▶ Try it
Stop at the line containing "Um die Linguine": write out every line from the beginning of the entries up to and including it, minus the pictures.

***** Dataset content

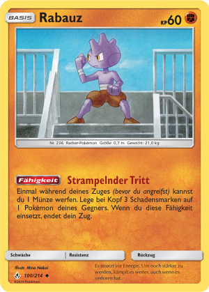 | Alle Karten | Sehen Sie alle Rabauz-Pokémonkarten in einer Übersicht. |
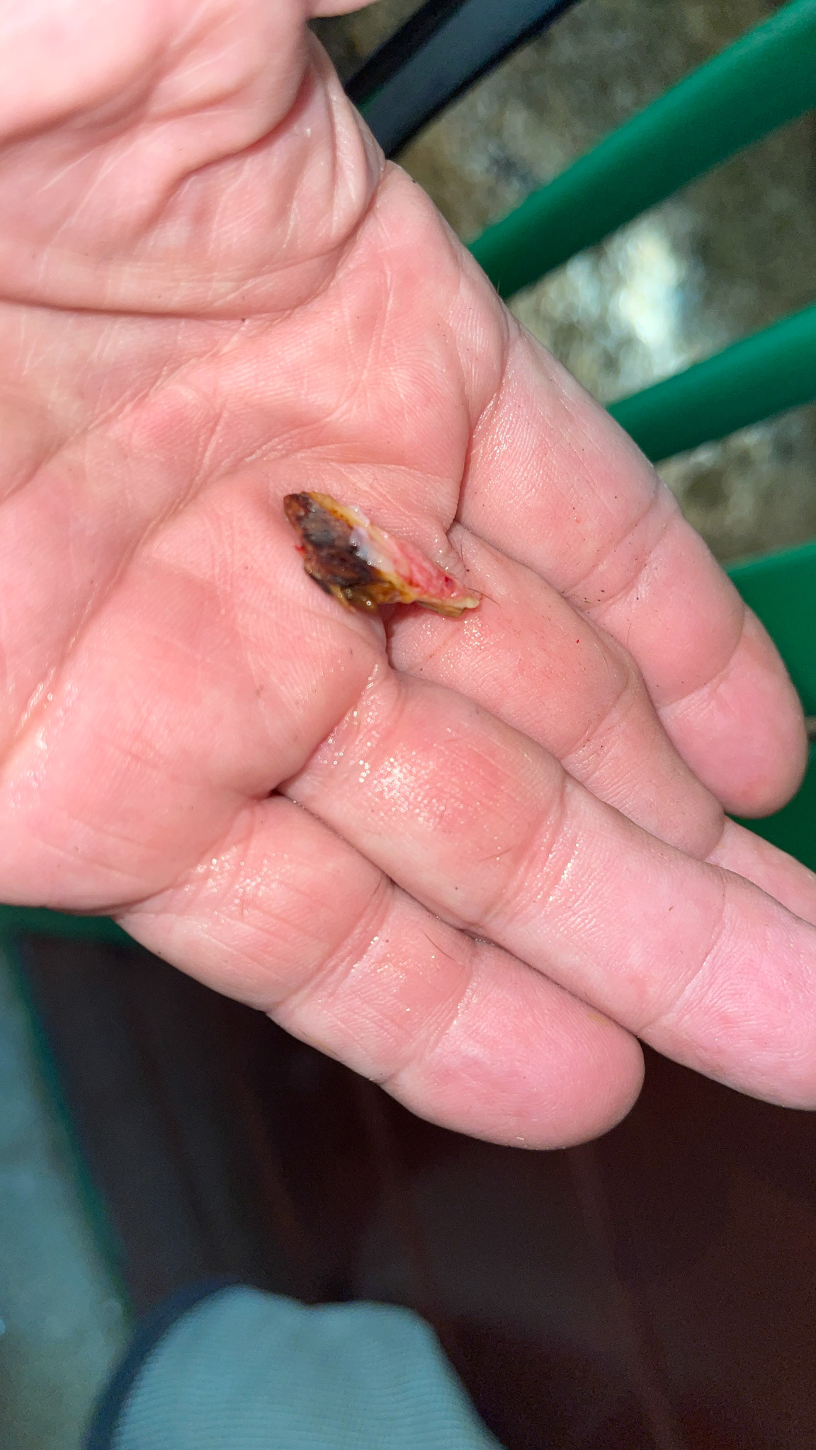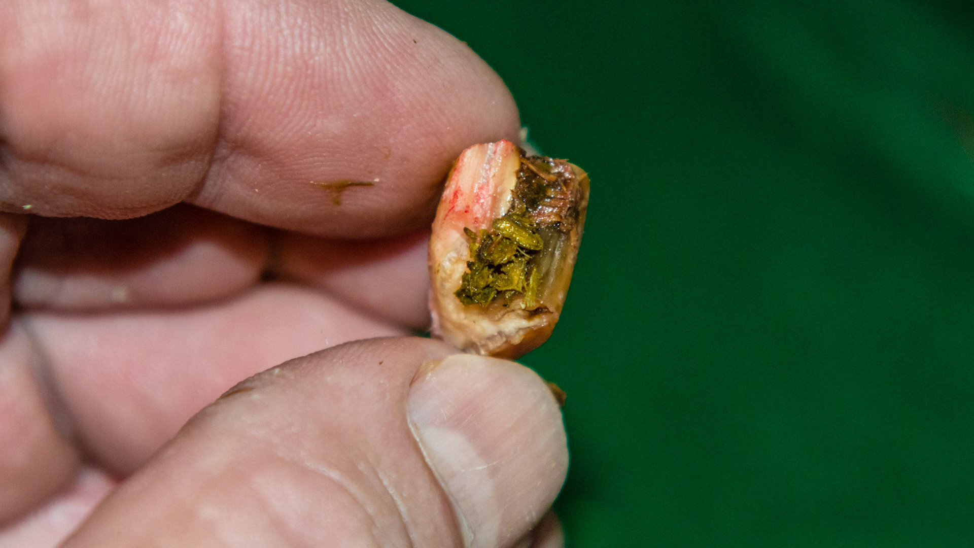 The thumb is on the occlusal surface of this 408 medial sagittal and transverse cheek tooth fragment. The red tag of gum was its only attachment on the lingual surface.
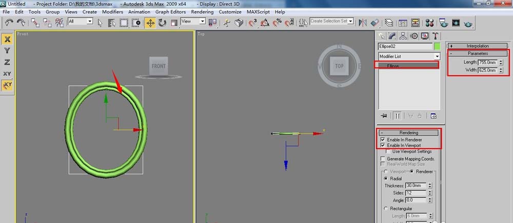 1、單擊(創建)/(線形)/【Ellipse】(橢圓)按鈕,在前視圖中繪制一個大小為830*700,可渲染厚度為50的橢圓,并在原位置直接復制出一個,修改其大小為755*625,可渲染厚度為30,再用對齊命令對齊。
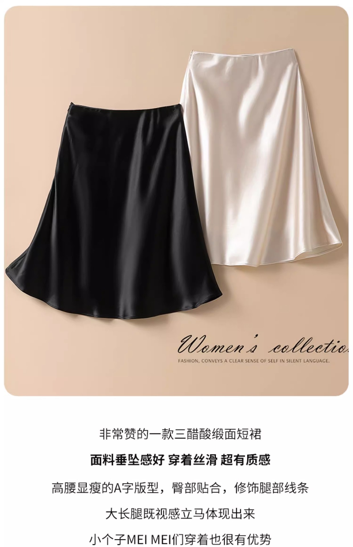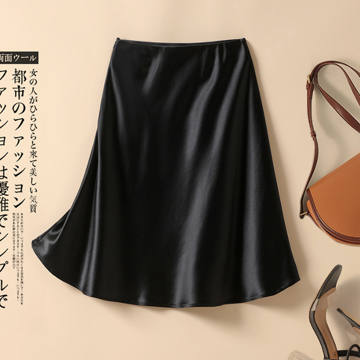 Acetic Acid Satin 스커트 여성 여름 고급 세련된 아름다운 A 라인 스커트스토어 가기
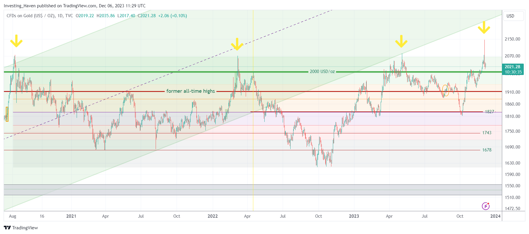 另一方面,如果金价在2023年12月12日之前快速走低,则可能意味着更强劲的回调开始,这将导致金价跌破2000美元/盎司。
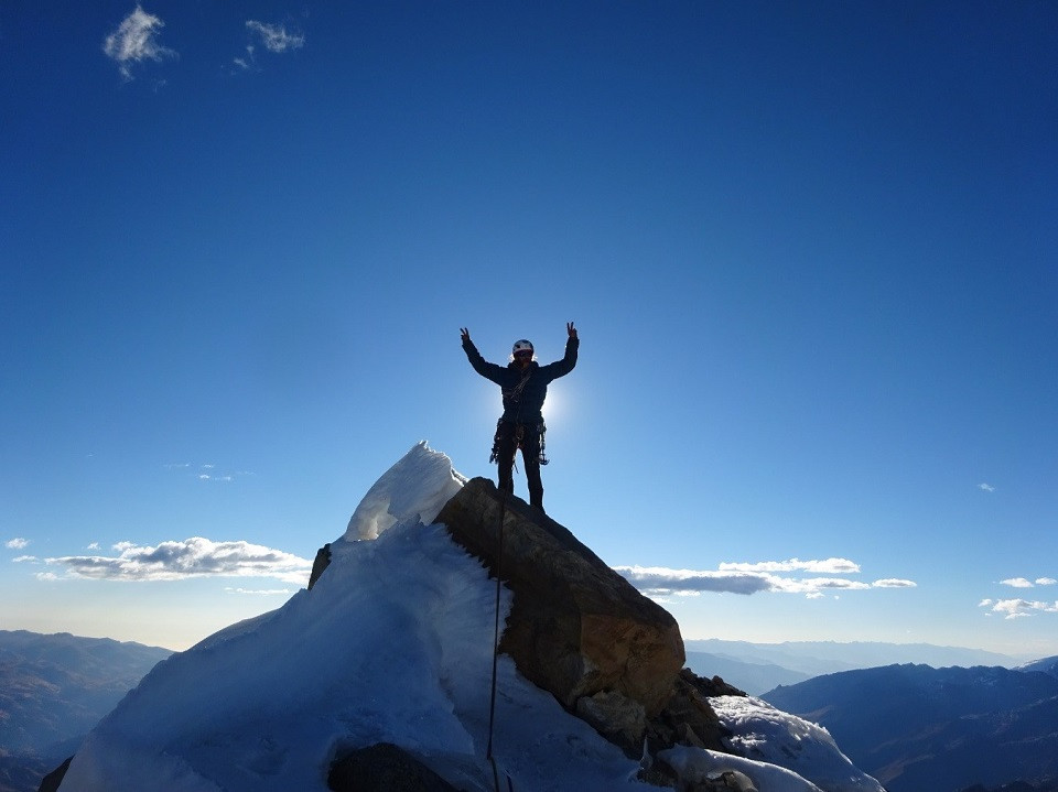 “Tuvimos que hacer una travesía de 50 mts y nos encontramos con la pirámide sumital, que era un castillo de bloques y hielo, que con la precipitación y temperaturas de la semana anterior se habría congelado, lo que nos obligó a escalar con guantes y crampones”. Luego de escalar dos largos de mixto M3 lograron salir a la cumbre del Cashan Oeste, montaña que tiene dos cumbres, sin embargo, la cumbre principal estaba muy descompuesta y riesgosa para montarse.
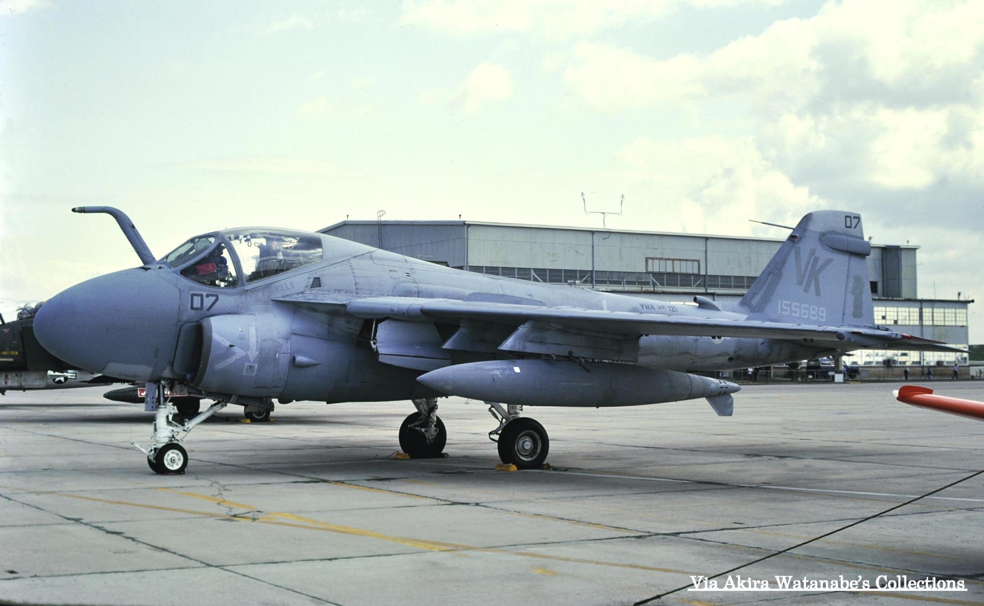 ↑ 1983年4月アメリカ本国で撮影されたVMA(AW)-121のA-6E/Bu.No.155689。すっかりロービジ・スタイルに変更されている。
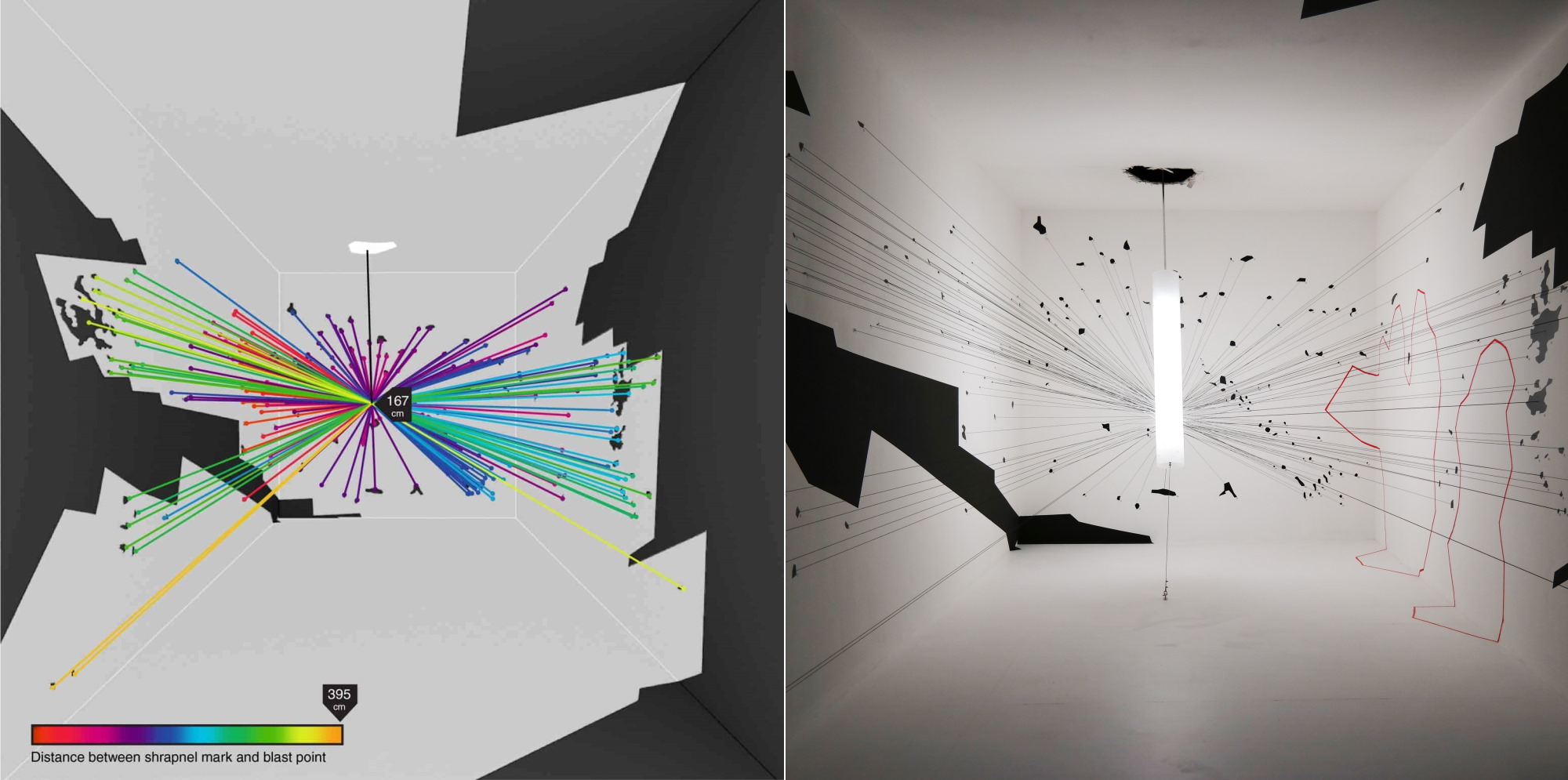 “We started using this technique when in 2013 we met a drone survivor, a German woman who had survived a drone strike in Pakistan that killed several relatives of hers,” Weizman explained. “She has wanted to deliver testimony in a trial regarding the drone strike, but like many survivors her memory was affected by the trauma she has experienced. The memory of the event was scattered, it had lacunae and repetitions, as you often have with trauma. And her condition is like many who have to speak out in human rights work: The closer you get to the core of the testimony, the description of the event itself, the more it escapes you.”
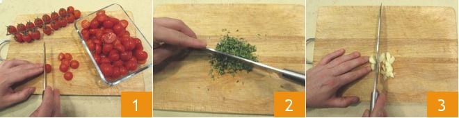 Um die Linguine mit confierten Tomaten zuzubereiten, beginnen Sie damit, die Kirschtomaten zu waschen und sie halbiert zu schneiden 1. Bereiten Sie auch eine Mischung aus Thymian 2 vor und hacken Sie den Knoblauch etwas grober 3.
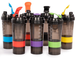 Vaso gym para batidos proteína shake, con 4 compartimentos.
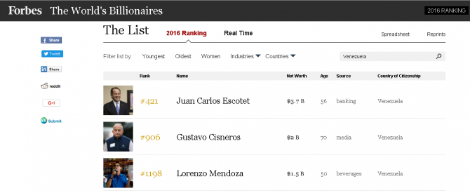 El presidente de Empresas Polar, Lorenzo Mendoza, quedó de tercero con una fortuna calculada en 1.500 millones de dólares.

**********

▶ Task result
 | Alle Karten | Sehen Sie alle Rabauz-Pokémonkarten in einer Übersicht. |
 The thumb is on the occlusal surface of this 408 medial sagittal and transverse cheek tooth fragment. The red tag of gum was its only attachment on the lingual surface.
 1、單擊(創建)/(線形)/【Ellipse】(橢圓)按鈕,在前視圖中繪制一個大小為830*700,可渲染厚度為50的橢圓,并在原位置直接復制出一個,修改其大小為755*625,可渲染厚度為30,再用對齊命令對齊。
 Acetic Acid Satin 스커트 여성 여름 고급 세련된 아름다운 A 라인 스커트스토어 가기
 另一方面,如果金价在2023年12月12日之前快速走低,则可能意味着更强劲的回调开始,这将导致金价跌破2000美元/盎司。
 “Tuvimos que hacer una travesía de 50 mts y nos encontramos con la pirámide sumital, que era un castillo de bloques y hielo, que con la precipitación y temperaturas de la semana anterior se habría congelado, lo que nos obligó a escalar con guantes y crampones”. Luego de escalar dos largos de mixto M3 lograron salir a la cumbre del Cashan Oeste, montaña que tiene dos cumbres, sin embargo, la cumbre principal estaba muy descompuesta y riesgosa para montarse.
 ↑ 1983年4月アメリカ本国で撮影されたVMA(AW)-121のA-6E/Bu.No.155689。すっかりロービジ・スタイルに変更されている。
 “We started using this technique when in 2013 we met a drone survivor, a German woman who had survived a drone strike in Pakistan that killed several relatives of hers,” Weizman explained. “She has wanted to deliver testimony in a trial regarding the drone strike, but like many survivors her memory was affected by the trauma she has experienced. The memory of the event was scattered, it had lacunae and repetitions, as you often have with trauma. And her condition is like many who have to speak out in human rights work: The closer you get to the core of the testimony, the description of the event itself, the more it escapes you.”
 Um die Linguine mit confierten Tomaten zuzubereiten, beginnen Sie damit, die Kirschtomaten zu waschen und sie halbiert zu schneiden 1. Bereiten Sie auch eine Mischung aus Thymian 2 vor und hacken Sie den Knoblauch etwas grober 3.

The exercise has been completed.